# WHAT YOU WILL DO:
From first line to last, give the records again word for word and omit the pictures.

▽

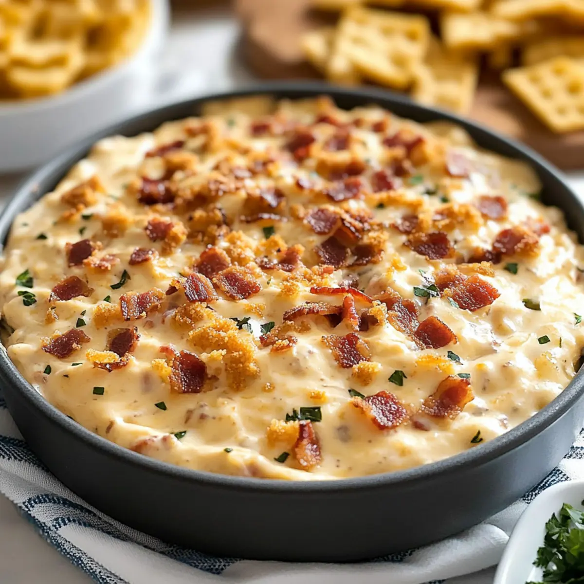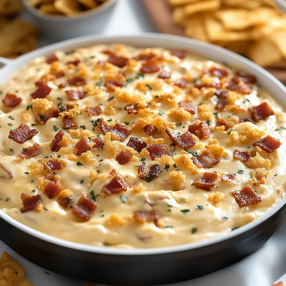 Savory Crunch: Crispy bacon adds a delightful crunch and savory goodness, balancing out the creamy dip perfectly.
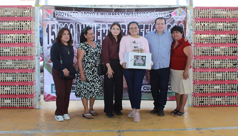 El alcalde de Villaflores Mariano Rosales Zuarth realizó la cuarta entrega de aves de postura en el ejido Cuauhtémoc, en compañía de su hija Valeria Rosales, y de las representantes de grupos de trabajo Celina Solís Ruíz y Arminda de la Cruz, en total se entregaron de 7300 aves, beneficiando a 730 mujeres del ejido sede Cuauhtémoc, Ranchería el Recuerdo 1 y 2 y Esfuerzo Campesino.
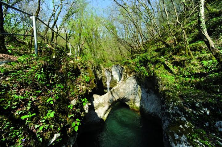 Okrog 800 m nad Kotlinami pod Kožbano je Kožbanjšček izdolbel izredno slikovita korita z imenom Krčnik. Dolga so okoli 40 m, od 0,5 do 6 m široka in do 6 m globoka. Najbolj nenavadna je prva, ogromna draslja. Draslja ali kotlica je kroglasta kotanja v strugi vodotoka, v katero voda zanese kamne in pesek. Vodni tok jih vrti in jo s tem neprestano dolbe. Potok pada vanjo v približno 1,5 m visokem slapiču. Približno na sredini kotlice se razpenja naravni most, ki je lepo zaobljen in gladek, saj ga je ustvarila deroča voda z brušenjem.   2e5645be-4d6f-4fea-818a-f2c34d0416f8 Krčnik, naravna znamenitost, ena najlepših te vrste v Sloveniji, ki je zavarovana kot kulturni spomenik, vas bo očarala v vseh letnih časih. Obok mostu je približno 5 m dolg, 1,5 m debel in do 1 m širok. Takih mostov je v Sloveniji zelo malo; večinoma so bolj robati, nastali s preperevanjem kamnine. Korita se nadaljujejo z ozkim žlebom, mestoma širokim komaj pol metra, ki ga prekinjajo manjše draslje. Na koncu se korita odprejo v sotesko s strmimi stenami, ki se kmalu izteče v ozko dolino. Korita z naravnim mostom v Krčniku in Kotline so že od leta 1985 z občinskim odlokom zavarovana kot naravni spomenik. Kako priti do Kotlin in Krčnika? V vasi Neblo (pri Peternelu) zavijemo v dolino potoka Kožbanjšček. Po cesti, ki vodi v Kožbano, se lahko do Kotlin in više ležečega Krčnika pripeljemo kar z avtom ali kolesom. Veliko boljše pa je, da si vzamemo čas in se po dolini odpravimo peš.
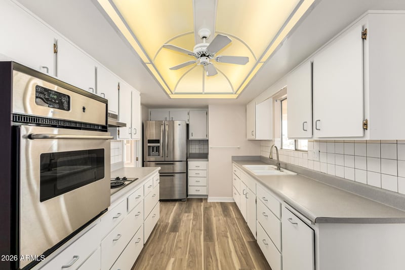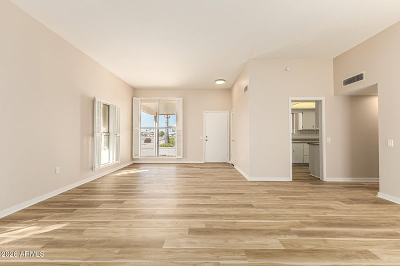 Listing details for 14443 Boswell Blvd, Sun, AZ 85351 : UPDATED Beautifully updated Sun City home featuring fresh interior and exterior paint, all-new flooring, and upgraded light fixtures that brighten every space. Enjoy peace of mind with a newer roof and HVAC blower unit. The functional floor plan features a large formal living and dining room, centrally placed kitchen with refrigerator included and spacious family room, perfect for everyday living or entertaining. The 2-car garage includes built-in cabinetry for extra storage, while the screened-in patio offers a relaxing spot to enjoy Arizona evenings. Outdoors, a brand-new drip system and refreshed landscape design add curb appeal and low-maintenance convenience. A move-in-ready gem in the heart of Sun City!
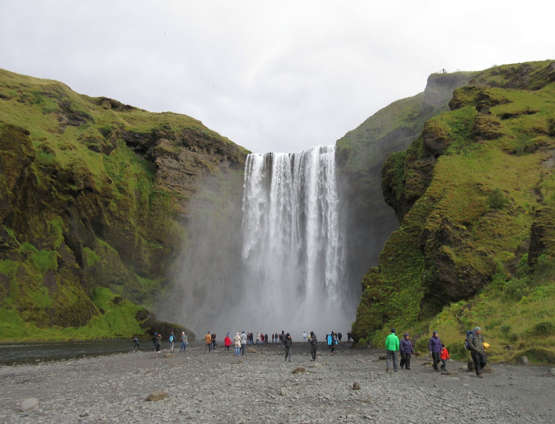 Na vzdálenější straně od kempu je ten nádherný vodopád Skógafoss (v překladu Lesní vodopád). Píšou o něm, že je to nejkrásnější a nejimpozantnější vodopád. Myslím, že mají pravdu. Obrovský proud vody padá ze skály z výšky 62 metrů. A protože jsme měli štěstí a svítilo nám sluníčko, tak mlžný opar vytvářel téměř neustále nádhernou duhu.

△

# TASK OUTPUT:
 Savory Crunch: Crispy bacon adds a delightful crunch and savory goodness, balancing out the creamy dip perfectly.
 El alcalde de Villaflores Mariano Rosales Zuarth realizó la cuarta entrega de aves de postura en el ejido Cuauhtémoc, en compañía de su hija Valeria Rosales, y de las representantes de grupos de trabajo Celina Solís Ruíz y Arminda de la Cruz, en total se entregaron de 7300 aves, beneficiando a 730 mujeres del ejido sede Cuauhtémoc, Ranchería el Recuerdo 1 y 2 y Esfuerzo Campesino.
 Okrog 800 m nad Kotlinami pod Kožbano je Kožbanjšček izdolbel izredno slikovita korita z imenom Krčnik. Dolga so okoli 40 m, od 0,5 do 6 m široka in do 6 m globoka. Najbolj nenavadna je prva, ogromna draslja. Draslja ali kotlica je kroglasta kotanja v strugi vodotoka, v katero voda zanese kamne in pesek. Vodni tok jih vrti in jo s tem neprestano dolbe. Potok pada vanjo v približno 1,5 m visokem slapiču. Približno na sredini kotlice se razpenja naravni most, ki je lepo zaobljen in gladek, saj ga je ustvarila deroča voda z brušenjem.   2e5645be-4d6f-4fea-818a-f2c34d0416f8 Krčnik, naravna znamenitost, ena najlepših te vrste v Sloveniji, ki je zavarovana kot kulturni spomenik, vas bo očarala v vseh letnih časih. Obok mostu je približno 5 m dolg, 1,5 m debel in do 1 m širok. Takih mostov je v Sloveniji zelo malo; večinoma so bolj robati, nastali s preperevanjem kamnine. Korita se nadaljujejo z ozkim žlebom, mestoma širokim komaj pol metra, ki ga prekinjajo manjše draslje. Na koncu se korita odprejo v sotesko s strmimi stenami, ki se kmalu izteče v ozko dolino. Korita z naravnim mostom v Krčniku in Kotline so že od leta 1985 z občinskim odlokom zavarovana kot naravni spomenik. Kako priti do Kotlin in Krčnika? V vasi Neblo (pri Peternelu) zavijemo v dolino potoka Kožbanjšček. Po cesti, ki vodi v Kožbano, se lahko do Kotlin in više ležečega Krčnika pripeljemo kar z avtom ali kolesom. Veliko boljše pa je, da si vzamemo čas in se po dolini odpravimo peš.
 Listing details for 14443 Boswell Blvd, Sun, AZ 85351 : UPDATED Beautifully updated Sun City home featuring fresh interior and exterior paint, all-new flooring, and upgraded light fixtures that brighten every space. Enjoy peace of mind with a newer roof and HVAC blower unit. The functional floor plan features a large formal living and dining room, centrally placed kitchen with refrigerator included and spacious family room, perfect for everyday living or entertaining. The 2-car garage includes built-in cabinetry for extra storage, while the screened-in patio offers a relaxing spot to enjoy Arizona evenings. Outdoors, a brand-new drip system and refreshed landscape design add curb appeal and low-maintenance convenience. A move-in-ready gem in the heart of Sun City!
 Na vzdálenější straně od kempu je ten nádherný vodopád Skógafoss (v překladu Lesní vodopád). Píšou o něm, že je to nejkrásnější a nejimpozantnější vodopád. Myslím, že mají pravdu. Obrovský proud vody padá ze skály z výšky 62 metrů. A protože jsme měli štěstí a svítilo nám sluníčko, tak mlžný opar vytvářel téměř neustále nádhernou duhu.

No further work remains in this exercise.